The data collected by the minimal equipment on Voyager measure the level of fast-moving charged particles, mainly protons, originating from far outside the heliosphere, the level of slower-moving charged particles, also mainly protons, from inside the heliosphere and the direction of the magnetic field. The level of outside particles has increased dramatically, the level of inside particles fallen precipitously, as scientists watched. Both models of heliosphere and intersteller space agree that the spacecraft is closing in on the edge of interstellar space. According to traditional models of interstellar space scientists would need to see a change in the direction of the magnetic field to confirm that the spacecraft has sailed beyond the reach of the solar wind and finally arrived into the vast space between stars.

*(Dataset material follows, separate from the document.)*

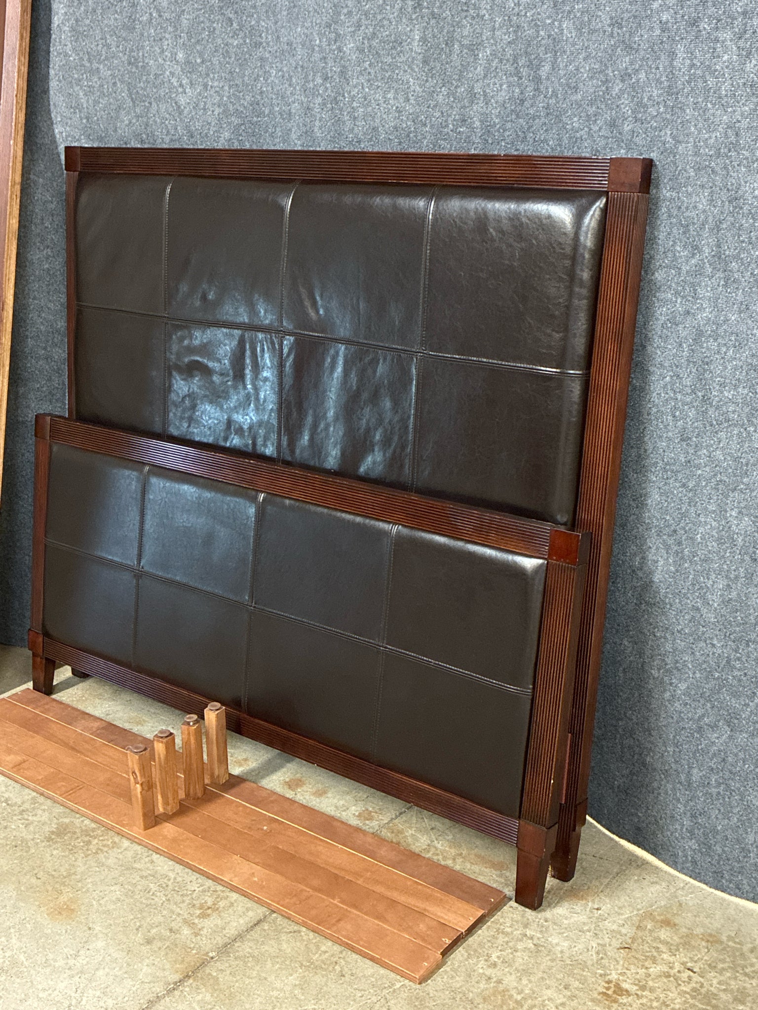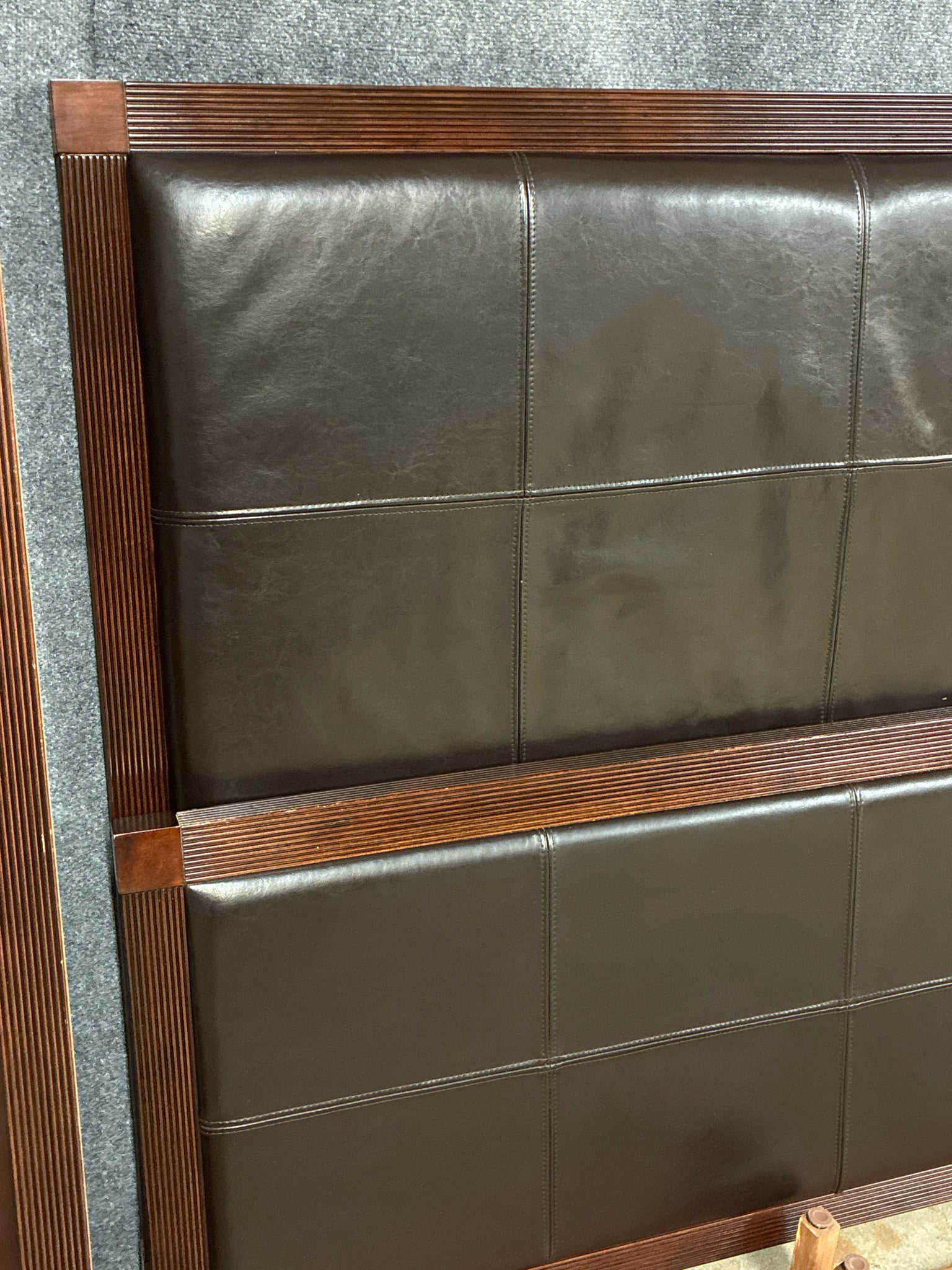 Transitional Queen Bed Frame with Faux Leather Upholstered Panels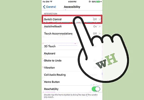 Scroll down and tap Switch Control. This will be under the “Interaction” tab. On the Switch Control menu, you will see several options under “Timing”. Auto Scanning Time: This menu allows you to adjust Switch Control's scanning intervals. Pause on First Item: This gives you the option to set the Switch Control's scanning to pause on the first item in a group. Loops: This allows you to set how many times Switch Control cycles through the screen. Move Repeat: This gives you options to set a movement action to repeat while holding down a switch, and how long to wait before repeating. Long Press: You can set how long to hold down a switch before it’s accepted as a switch action.

The new model of interstellar space and the heliosphere does not require a change in magnetic field between the two.
Artist creation
NASA's Voyager project scientist, Ed Stone of the California Institute of Technology in Pasadena, explains:
"Details of a new model have just been published that lead the scientists who created the model to argue that NASA's Voyager 1 spacecraft data can be consistent with entering interstellar space in 2012. In describing on a fine scale how magnetic field lines from the sun and magnetic field lines from interstellar space can connect to each other, they conclude Voyager 1 has been detecting the interstellar magnetic field since July 27, 2012.”

If the new model of the data is correct that would mean that the interstellar magnetic field direction is the same as the magnetic field within the heliosphere, originating from our sun. As Voyager 1 continues in its mission and hopefully continues to be able to collect and send back data (despite a memory smaller than your phone), we will know if the magnetic field does change directions. The direction of the magnetic field, requires periodic instrument calibrations and complicated analyses. These analyses typically take a few months to return after the charged particle data are received on Earth, and the power remaining in Voyager is estimated to be another decade.

NASA's Voyager 2 spacecraft, the first Voyager spacecraft to launch on August 25, 1977, departed on a journey that would make it the only spacecraft to visit Uranus and Neptune and the longest-operating NASA spacecraft ever. Voyager 2 and its twin, Voyager 1, that launched 16 days later on Sept. 5, 1977, are still both operational. Voyager 2 is the longest-operating spacecraft, but has not traveled as far from home as Voyager 1. Voyager 2 has not yet reached the magnetic highway, though it has recently seen some modest drops of the heliosphere particle levels.
from NASA
If Voyager 1 has reached interstellar space then it is exploring a region no spacecraft has ever been to before.- I can’t resist- “Where No Man Has Gone Before.” In Star Trek The Motion Picture, the threat to the Enterprise (and Earth) is V’Ger, which the crew discovers at its center is actually Voyager 6, designed to collect data and transmit it back to Earth. Voyager 6 supposedly disappeared through a black hole.(Wouldn’t that be cool to have data from within a black hole.) The probe was found by inhabitants of a planet on the other side of the galaxy who discovered the probe's 20th century programming, which was to collect data and return that information to its creator and rebuild the probe and send it on its way.